— Records shown —

-------

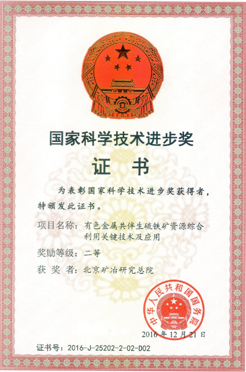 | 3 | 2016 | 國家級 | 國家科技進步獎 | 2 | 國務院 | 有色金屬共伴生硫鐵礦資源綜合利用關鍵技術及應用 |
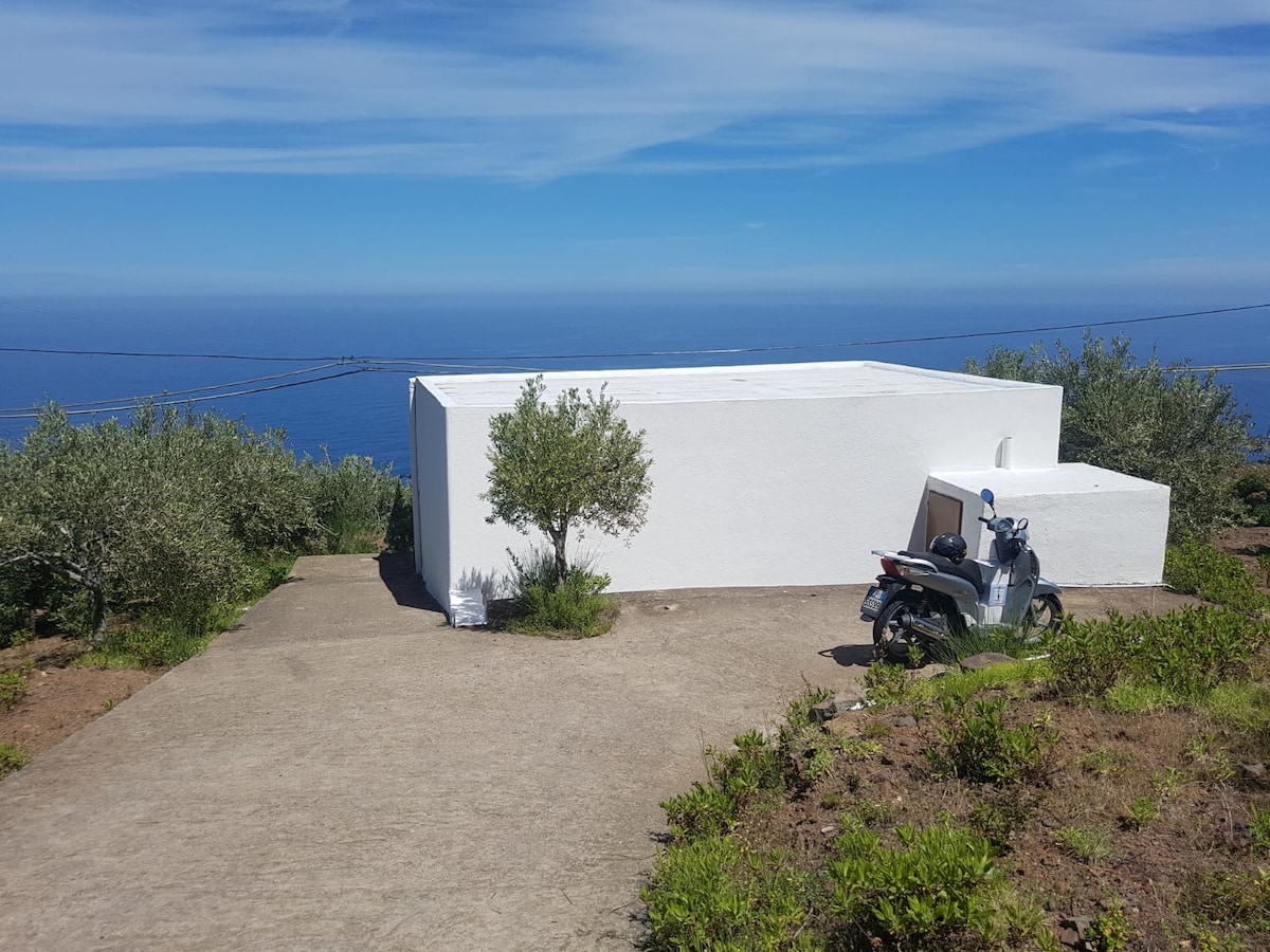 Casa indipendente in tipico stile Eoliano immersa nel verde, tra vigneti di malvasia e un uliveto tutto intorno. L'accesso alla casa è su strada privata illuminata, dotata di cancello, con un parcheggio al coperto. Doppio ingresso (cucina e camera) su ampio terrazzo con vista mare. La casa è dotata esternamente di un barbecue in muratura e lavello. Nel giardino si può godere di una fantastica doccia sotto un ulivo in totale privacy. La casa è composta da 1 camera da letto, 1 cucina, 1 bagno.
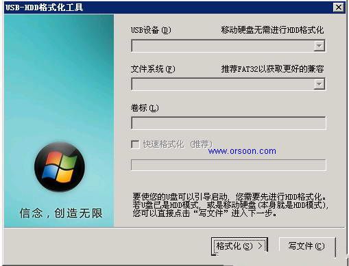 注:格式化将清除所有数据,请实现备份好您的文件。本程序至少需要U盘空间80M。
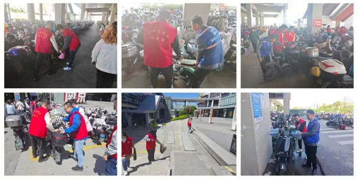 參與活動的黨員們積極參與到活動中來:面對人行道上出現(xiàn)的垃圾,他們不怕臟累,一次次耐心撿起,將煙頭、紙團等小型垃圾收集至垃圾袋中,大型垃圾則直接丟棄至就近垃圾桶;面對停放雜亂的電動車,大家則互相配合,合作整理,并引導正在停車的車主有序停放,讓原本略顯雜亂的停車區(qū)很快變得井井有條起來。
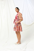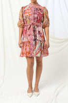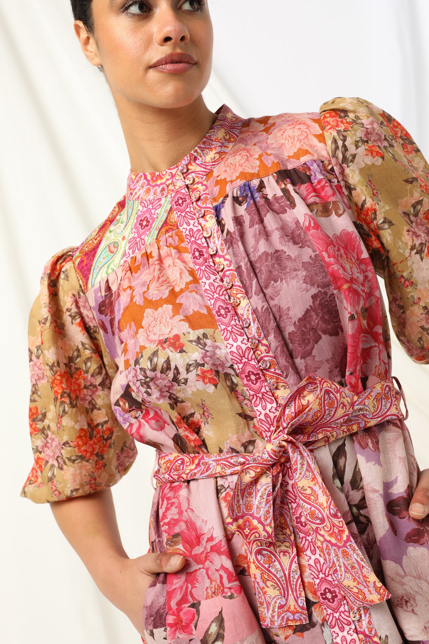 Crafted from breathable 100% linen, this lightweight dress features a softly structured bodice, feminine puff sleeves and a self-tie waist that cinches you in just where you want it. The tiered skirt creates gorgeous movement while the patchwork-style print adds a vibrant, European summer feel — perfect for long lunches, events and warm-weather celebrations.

-------

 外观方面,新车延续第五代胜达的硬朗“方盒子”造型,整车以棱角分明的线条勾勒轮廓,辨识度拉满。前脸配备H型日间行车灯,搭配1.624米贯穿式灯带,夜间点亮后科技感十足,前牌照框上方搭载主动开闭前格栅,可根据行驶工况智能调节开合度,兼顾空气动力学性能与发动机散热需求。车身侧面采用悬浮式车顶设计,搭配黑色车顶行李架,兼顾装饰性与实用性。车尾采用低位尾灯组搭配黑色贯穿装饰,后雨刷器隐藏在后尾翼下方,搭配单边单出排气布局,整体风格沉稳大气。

-------

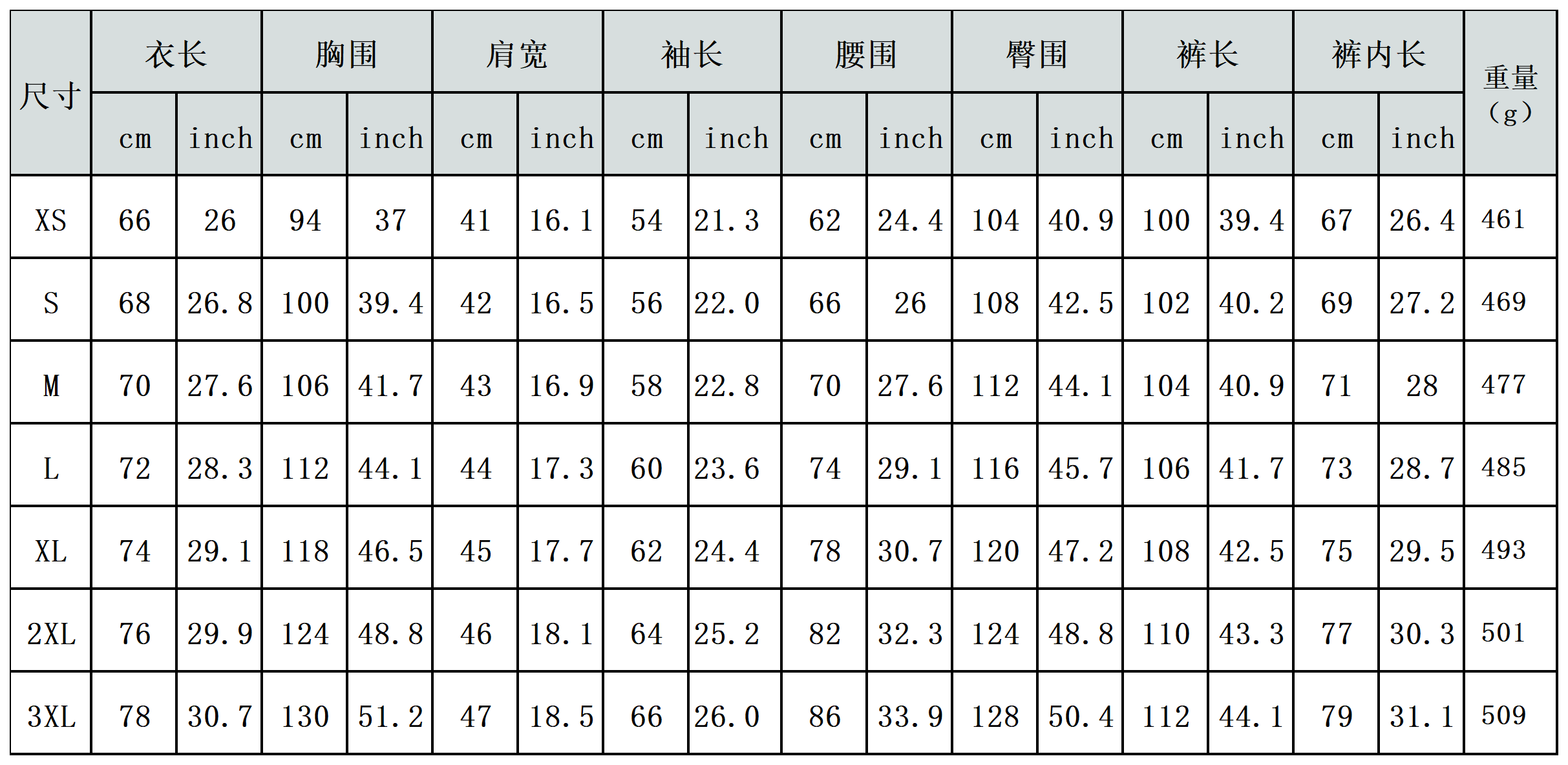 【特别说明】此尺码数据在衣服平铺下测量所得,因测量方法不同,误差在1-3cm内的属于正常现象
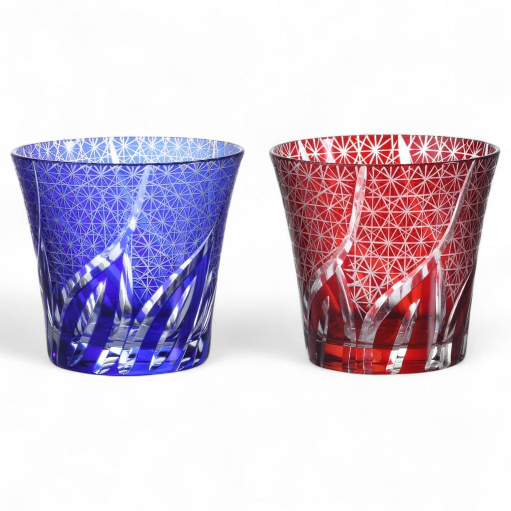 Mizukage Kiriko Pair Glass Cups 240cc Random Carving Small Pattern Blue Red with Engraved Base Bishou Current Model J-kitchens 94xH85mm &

-------

— What you should do —
Look above for the line with "國務院 | 有色金屬共伴生硫鐵礦資源綜合利用關鍵技術及應用 |" and the line with "注:格式化将清除所有数据,请实现备份好您的文件。本程序至少需要U盘空间80M。", then restate exactly those two lines and all lines between them, with no pictures.

— Task response —
 | 3 | 2016 | 國家級 | 國家科技進步獎 | 2 | 國務院 | 有色金屬共伴生硫鐵礦資源綜合利用關鍵技術及應用 |
 Casa indipendente in tipico stile Eoliano immersa nel verde, tra vigneti di malvasia e un uliveto tutto intorno. L'accesso alla casa è su strada privata illuminata, dotata di cancello, con un parcheggio al coperto. Doppio ingresso (cucina e camera) su ampio terrazzo con vista mare. La casa è dotata esternamente di un barbecue in muratura e lavello. Nel giardino si può godere di una fantastica doccia sotto un ulivo in totale privacy. La casa è composta da 1 camera da letto, 1 cucina, 1 bagno.
 注:格式化将清除所有数据,请实现备份好您的文件。本程序至少需要U盘空间80M。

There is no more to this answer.